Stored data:
►

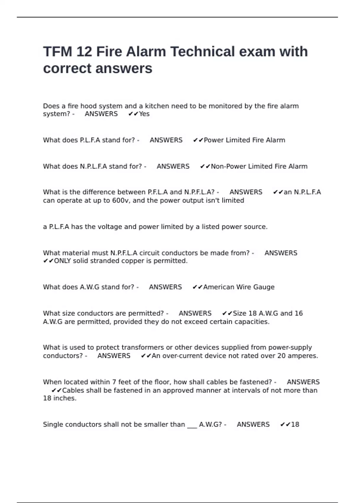 🔷ANSWERS 🖊✔✔Power Limited Fire Alarm (F.P.L) C.M.P, F.P.L.P, C.M.R, F.P.L.R,
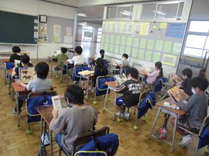 集中して読んでいるので、教室は静まりかえります。たくさん借りている子供も多く、年間30冊の目標に達した子供も、たくさんいます。本の世界にひたっている子供たちの姿は、とても素敵です。
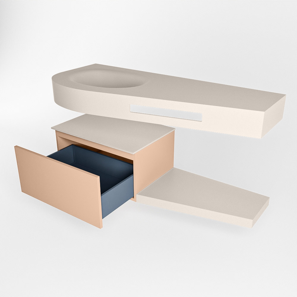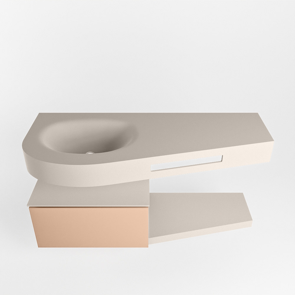 MONDIAZ RIVA 120cm mueble de baño / estante color Rosee con 1 cajón. Lavabo DULCET Izquierda 1 orificio, color Linen.
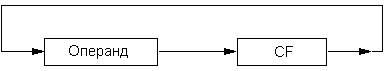 сдвиг осуществляется на число бит, указанное в регистре-счетчике CL, при этом в процессе последовательных сдвигов младшие биты операнда поступают сначала в CF, а оттуда - в старшие биты операнда (рис. 5).
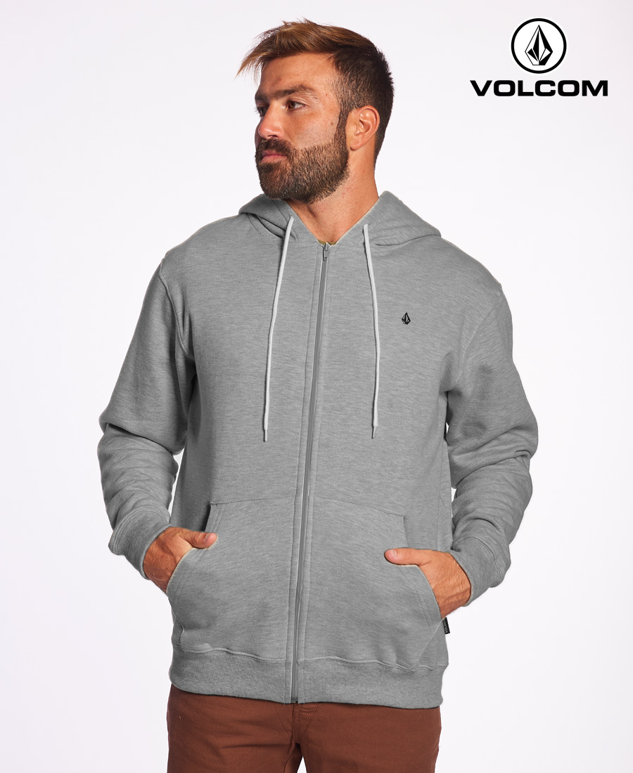 Buzo Volcom Zip Fleece. Frisa 50% algodón 50% poliester. Bordado Volcom Stone en frente. Cordones al tono con puntera metálica. Bolsillo canguro. Grifa tejida. Limpieza de cuello rayada. Regular fit.

◄

* Work task
No picture belongs in the answer; the rest of the records must be repeated exactly.

* Your solution
 🔷ANSWERS 🖊✔✔Power Limited Fire Alarm (F.P.L) C.M.P, F.P.L.P, C.M.R, F.P.L.R,
 集中して読んでいるので、教室は静まりかえります。たくさん借りている子供も多く、年間30冊の目標に達した子供も、たくさんいます。本の世界にひたっている子供たちの姿は、とても素敵です。
 MONDIAZ RIVA 120cm mueble de baño / estante color Rosee con 1 cajón. Lavabo DULCET Izquierda 1 orificio, color Linen.
 сдвиг осуществляется на число бит, указанное в регистре-счетчике CL, при этом в процессе последовательных сдвигов младшие биты операнда поступают сначала в CF, а оттуда - в старшие биты операнда (рис. 5).
 Buzo Volcom Zip Fleece. Frisa 50% algodón 50% poliester. Bordado Volcom Stone en frente. Cordones al tono con puntera metálica. Bolsillo canguro. Grifa tejida. Limpieza de cuello rayada. Regular fit.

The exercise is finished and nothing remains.